I had a world renown surgeon at Baylor University Medical Center in Dallas - Dr. Goldstein, who saved my life that day.

Ya'll are great people and it's a pleasure talking with you and trying to help.

No evidence of cancer in my liver for the last 18 months, but 2 spots have showed up in the plura of my lung, so I'm back at it again.

Hope this helped you guys!!!
-Craig

robinvan's picture
robinvan
Posts: 1014
Joined: May 2007

Hi Craig... and all!

Another RFA survivor here. I had it to eliminate a recurrent met 2- years ago. 2/3 Liver Resection 4.5 years ago. It is a great procedure. With multiple deployments of the probe they are now covering larger areas. Here's what I had to say about it in my blog in June 2007.
http://rob-pollock.blogspot.com/2007/06/what-is-rfa.html

Be well...

Rob; in Vancouver.

"What is not cured by the knife may be cured by fire." Hippocrates

Sundanceh's picture
Sundanceh
Posts: 4284
Joined: Jun 2009

Hey, Rob
That was good info you had on your blog on RFA. I'm with you on the fact that people look at you funny when you mention the term RFA - I've had nurses who didn't know what it was.

And like you, I had to have an "open" incision to reach the tumor site.

The only thing we've mine was that we did not get all of the tumor, because it was too close to some blood vessels so they went as far as they could thinking they got it. A subsequent MRI revealed that that the outskirts of the tumor still remained.

So we did another procedure that people "glaze" over too - CyberKnife. This is highly concentrated radiation delivered in laser like precision that can address a very specific aread during the treatment. You wear a vest and the laser actually adjusts for your breathing, so that it stays on track the whole time. $20,000 for each radio surgery if you can believe that.

Anyway,thanks for the reply. I just recently joined a few days ago and have been posting heavily. It's a great site and wish I had found this years earlier when I was getting started. I've gone through my Cancer pretty much alone with just my heart and courage, but it's comforting to find a site like this, where you find out you are not alone.

I'm just trying to help people with what I've found out and that's been rewarding.

Loved the quote from Hipprocates - that's a good one - alot of truth there too, as we both can attest.

From one RFA man to another....
-Craig

lisa42's picture
lisa42
Posts: 3663
Joined: Jul 2008

To answer your question on my energy, it's fine.
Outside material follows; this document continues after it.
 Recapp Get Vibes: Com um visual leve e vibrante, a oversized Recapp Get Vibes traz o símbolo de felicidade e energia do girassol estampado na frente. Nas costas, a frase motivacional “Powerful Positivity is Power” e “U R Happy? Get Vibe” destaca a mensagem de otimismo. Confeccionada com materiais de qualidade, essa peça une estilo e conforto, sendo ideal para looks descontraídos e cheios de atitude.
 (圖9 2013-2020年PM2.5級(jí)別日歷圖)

I noticed about three months after my liver resection that I gained a lot of energy, which is why I was surprised to hear that my liver really hadn't regrown much. I'll be curious to check it this next scan, which is due in late July. Oh well, I guess I'm functioning well and have enough energy, so it probably really doesn't matter whether the liver's fully regrown or not. Just thought it'd be interesting to hear if anyone else had heard about this. Thanks, everyone, for your input!

Lisa

robinvan's picture
robinvan
Posts: 1014
Joined: May 2007

Hi Lisa,

My surgeon has said much the same to me. Regeneration is a bonus. He makes sure there is enough residual liver to do the job. Actually he calls it "hepatic reserve" but you know how they are!! He has told me that it is amazing how effective liver tissue is. Mine has shown regeneration, which does give some comfort in knowing the "hepatic reserve" is being increased. But I've had pretty good energy throughout.

TTFN... Rob

lisa42's picture
lisa42
Posts: 3663
Joined: Jul 2008

Hi Craig,

Just a question re. your RFA and then cyberknife. I know about cyberknife- had considered it at one point for liver tumors before deciding upon the liver resection. How come they didn't do cyberknife on you in the first place instead of the RFA? One dr. I spoke with said cyberknife usually has better results than RFA and he doesn't like to do RFA "anymore"- he said he hasn't had it done on any patients in over a year & prefers to do the cyberknife or other sterotactical radiation treatments when surgery is not an option or warranted. Just curious what your doc thinks about the two procedures.

Lisa

Sundanceh's picture
Sundanceh
Posts: 4284
Joined: Jun 2009

Hi, Lisa

In my case, the liver tumor had grown at a very fast rate in a very short time period. Was doubling every 2 months, so it had gotten quite large.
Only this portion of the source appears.